The key to self esteem is to accept yourself and not try to be someone or something you are not. We need to re-frame what it means to be a goddess.
Anna Agnes Bruckner talked recently about her upcoming role playing Anna Nicole Smith in the Lifetime Original Movie, “Anna Nicole.” I appreciated the research she did into Anna Nicole’s life which was certainly a rags to riches story, but this one did not have a happy ending.
I guess the question I have is why would a woman like Anna Nicole be considered an icon?
One of the questions Agnes asked herself was “how do you play someone so distinctive, so famous, and as one-of-a-kind as Anna Nicole Smith?”
She claims she had an amazing life. Despite coming from a small town in Texas and never having a good relationship with her mother, having a child and getting married at 18, becoming a stripper… I suppose what was noble is that she seemed to rise above it. But did she really?
Smith dropped out of high school and married Harold Marshal, an oil tycoon who was sixty two years older.

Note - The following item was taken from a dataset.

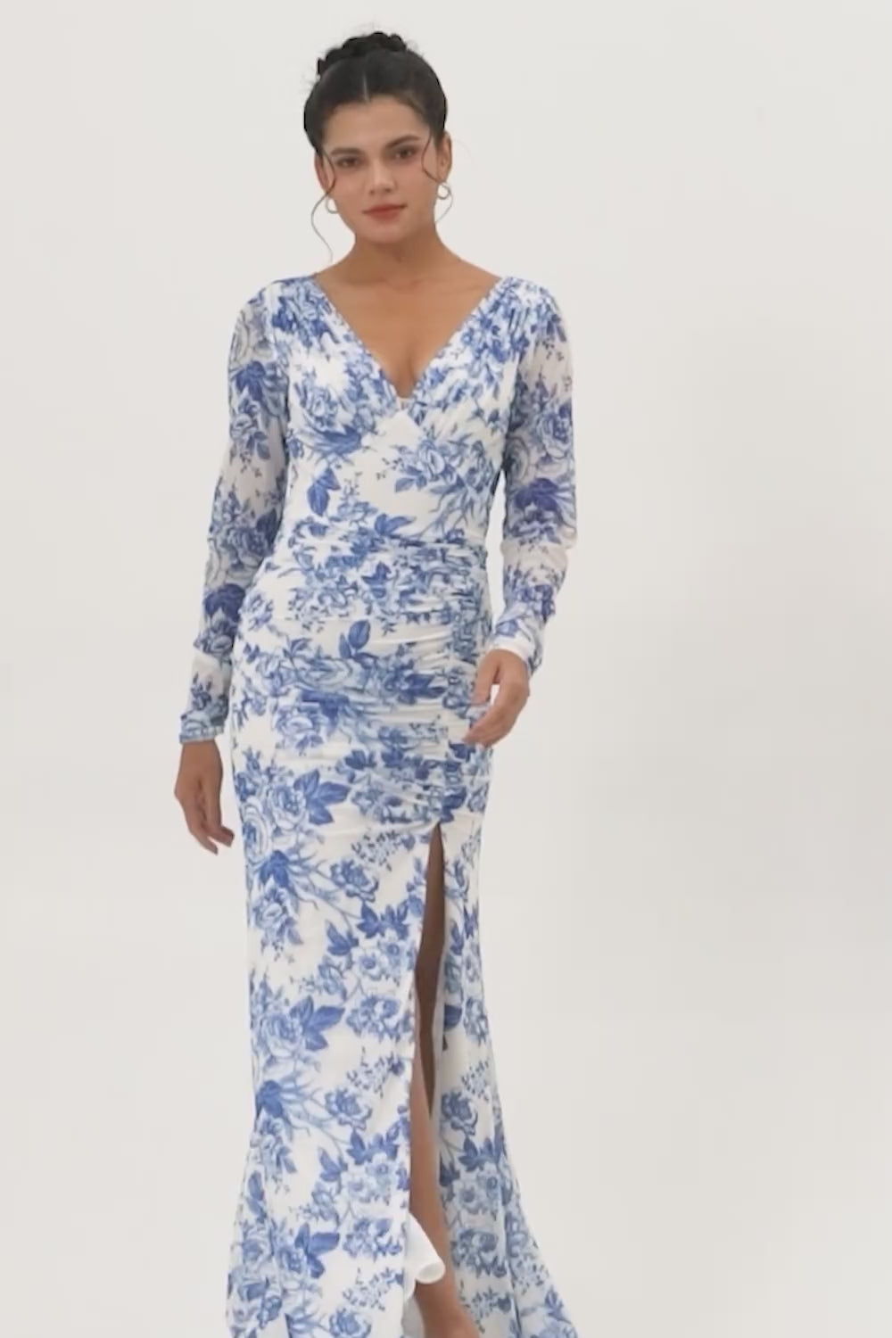 Exude timeless sophistication in this blue and white floral maxi dress, featuring a delicate porcelain-inspired print that radiates elegance. The plunging V-neckline flatters the décolletage, while the fitted bodice and ruched waistline sculpt a graceful silhouette. Long sheer sleeves add a touch of refinement, perfectly balancing the daring thigh-high side slit that brings a modern, sultry edge. Crafted from lightweight chiffon with a smooth lining, this dress offers comfort without sacrificing style, making it the ideal choice for weddings, evening galas, and upscale gatherings.

I mean give me a break. Her claim to fame was gaining notoriety in Playboy ending up Playmate of the Year in 1993. A year later she appeared on the cover of New York magazine in an issue they did called White Trash Nation.
Apparently it was her goal to be the next Marilyn Monroe and sadly she Smith died on February 8, 2007 in a hotel room in Florida as a result of an overdose of prescription drugs… painkillers I believe.

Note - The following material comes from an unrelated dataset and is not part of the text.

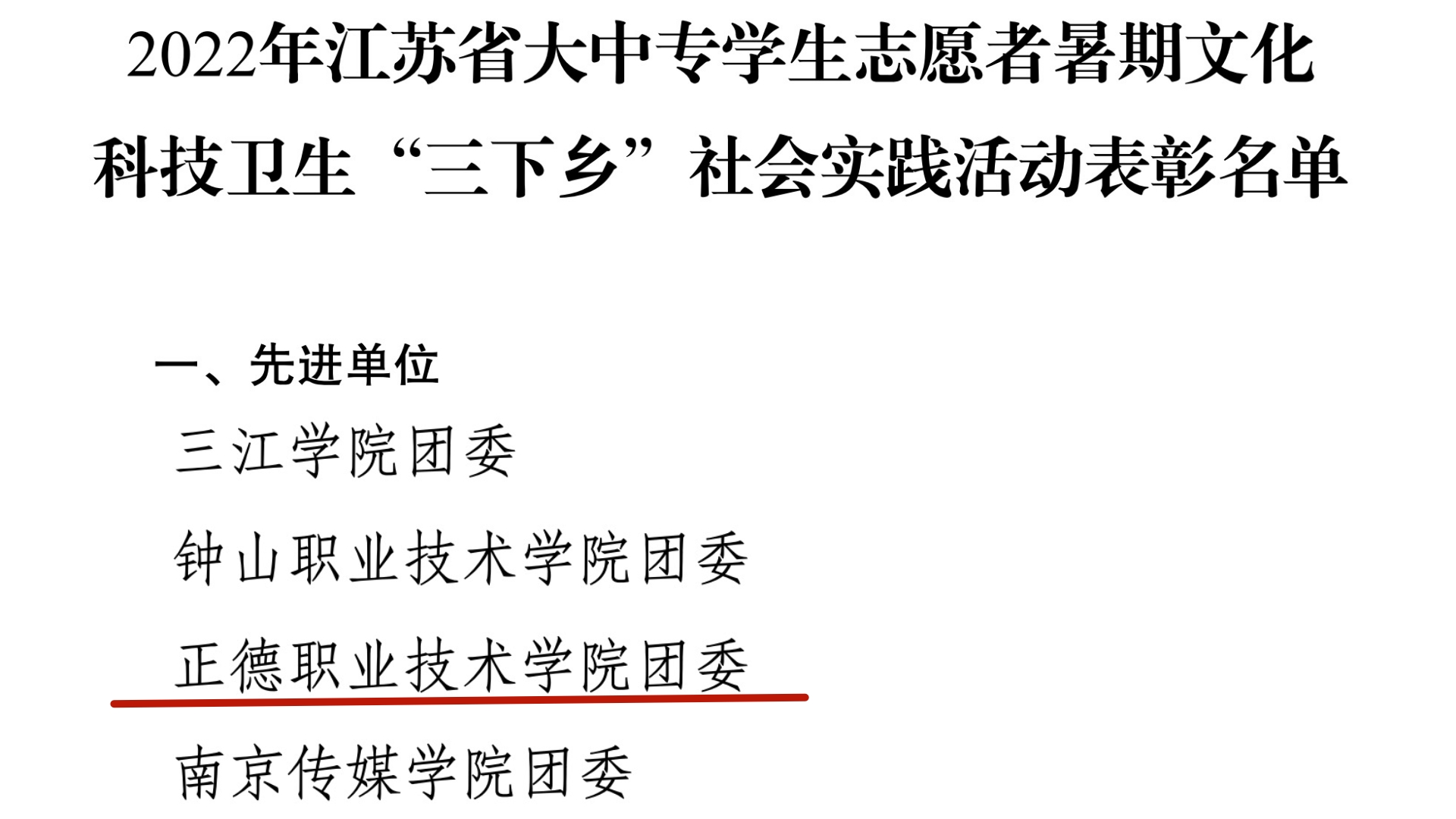 为进一步推进社会实践活动持续深入开展,根据中共江苏省委宣传部、江苏省文明办、江苏省麻豆传媒-麻豆视频-麻豆性爱 厅、江苏省新闻出版局、共青团江苏省委、江苏省学联联合发文《关于公布2022年全省大中专麻豆传媒 志愿者暑期文化科技卫生“三下乡”社会实践活动先进集体和个人名单的通知》(团苏委联【2022】23号),院团委荣获江苏省暑期“三下乡”社会实践先进单位,经济与管理系“梦想改造+为梦想加油”乡村振兴暑期实践团荣获江苏省暑期“三下乡”社会实践优秀团队,民用航空系平修阳同学、汽车与机电工程系徐莹同学荣获江苏省暑期“三下乡”社会实践先进个人称号、电子与信息技术系团总支书记何华智荣获江苏省暑期“三下乡”社会实践先进工作者称号,基础麻豆传媒-麻豆视频-麻豆性爱 系王特同学的《挖掘乡村文化,助推乡村振兴》荣获江苏省暑期“三下乡”社会实践优秀调研报告。

Well what do you think was she white trash or iconic legend? Both labels miss the point and the question I have is why anyone would want to make a movie about her life? It does not fit the profile of an archetypal story which usually grants the movie success with the audience.
What is an archetypal story you may be wondering? As a screenwriter, story consultant and coach who uses the power of story for self-transformation I can tell you it is timeless… one to which we all universally respond. Here is the formula. First off we as an audience have to like and relate to character so we can experience the character vicariously.

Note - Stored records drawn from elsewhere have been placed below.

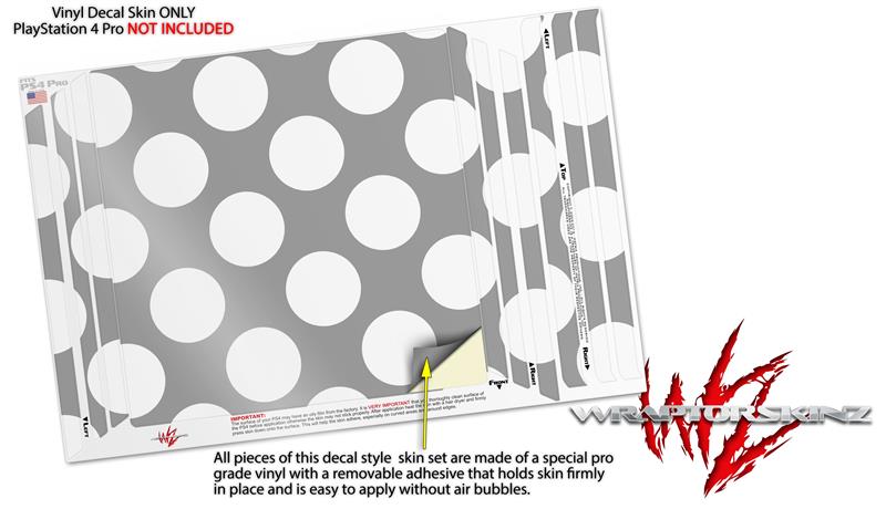 Vinyl Decal Skin Wrap compatible with Sony PlayStation 4 Pro Console Kearas Polka Dots Whtie On Gray (PS4 NOT INCLUDED)
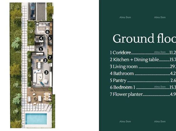 Villa B19, ukupne površine 211.95 m2 sastoji se od prizemlja i prvog kata. U prizemlju se nalazi hodnik, dnevni boravak, kuhinja sa blagovaonicom, kupatilo, spavaća soba, ostava i zeleni dio za cvijeće.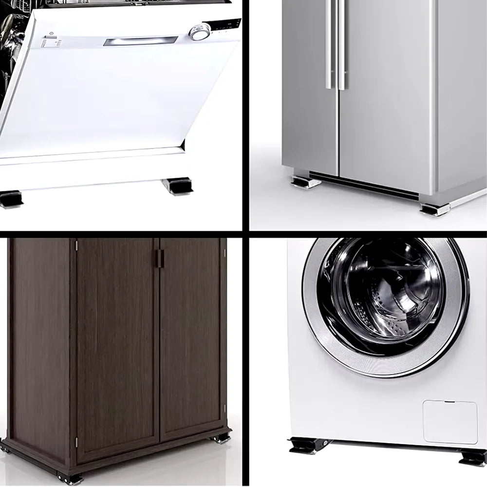 Base with wheels facilitating your day to day. Transport your refrigerator, washing machine, and furniture has never been so simple, without using the force to move the refrigerator, shelves or any other furniture.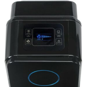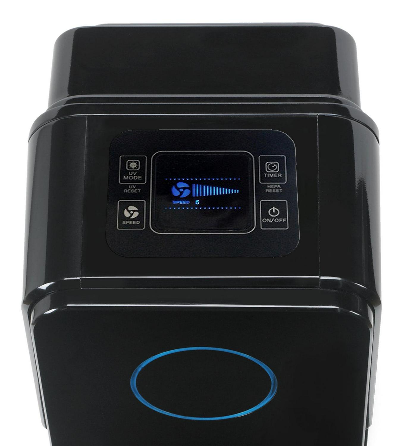 – Easy to use electronic controls with 5 speeds, an 8-hour auto off timer, and a filter change indicator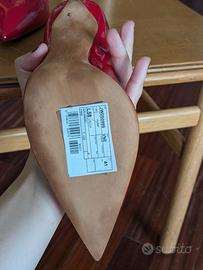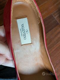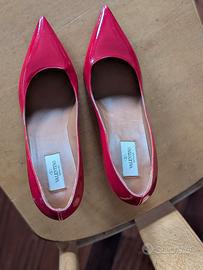 Vendo scarpe decolleté con tacco, in pelle verniciata colore rosso, originali di Valentino Garavani. Taglia 41. Ricevute in regalo, le ho provate ma mai utilizzate come si vede dallo stato delle suole, perché non gradisco le scarpe a punta.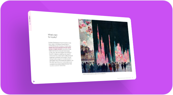 r e v e li e m a b I’ 02 What’s next for loyalty? A sense of belonging is one of humanity’s most basic needs—the feeling of being happy or comfortable as part of a group. In recent years, people have found belonging through interest groups on digital channels, and some of those habits have found a more permanent place in their lives. New technologies are building on the shift in behavior, enabling a new wave of community-first, product-later models that boost customers’ connection with a brand. This will reshape loyalty programs to enable people to participate more in the brands they believe in. On the other side of the coin, it will enable brands to explore new product-areas and enjoy more lucrative customer relationships. + style of romanticist painting, aspect ratio 16:9, change 100 Copyright © 2022 Accenture. All rights reserved. 16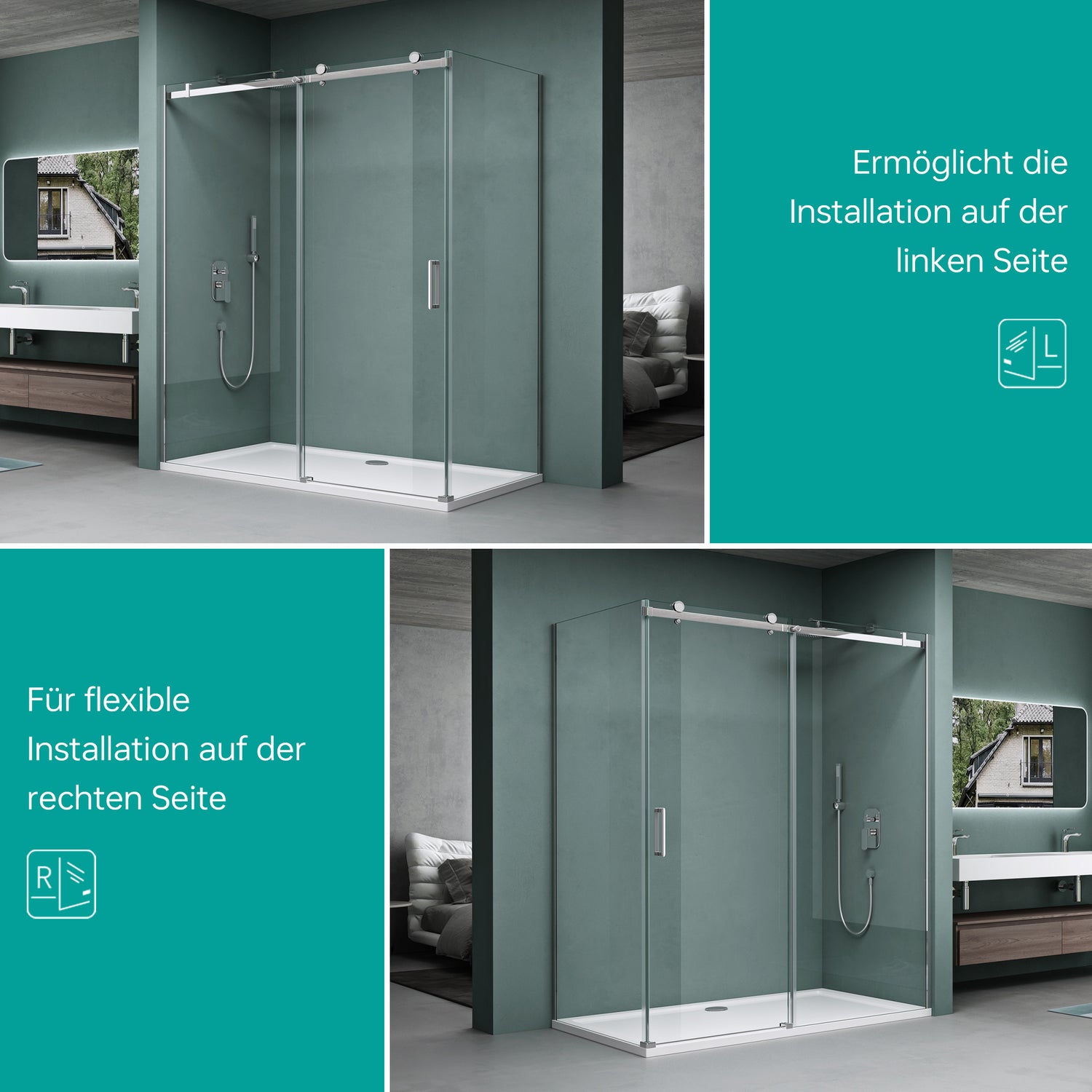 Diese Dusche kann rechts- und linksseitig montiert werden.

Most importantly, at the end of the movie, the character has to arc or grow. There is usually a lesson learned whereby the character does not always get what they want but perhaps what they need.
Unless you rewrite the life of Anna Nicole Smith, I am not hopeful this will be a successful movie. The more important question we have to ask is why would we think of her as an icon?Anna Nicole Smith was not Venus. The archetype of Venus was powerful and not beholden to any man.
Perhaps this sheds some light on why so many women struggle with their self- image. In my practice, coaching mostly women for over ten years I found they struggle with an unattainable image that is culturally imposed.
We all want to be loved for who we are not what the culture puts out there as a so-called icon and does not fit the bill of heroine. That’s what we need more of today… more stories about women who are real heroines.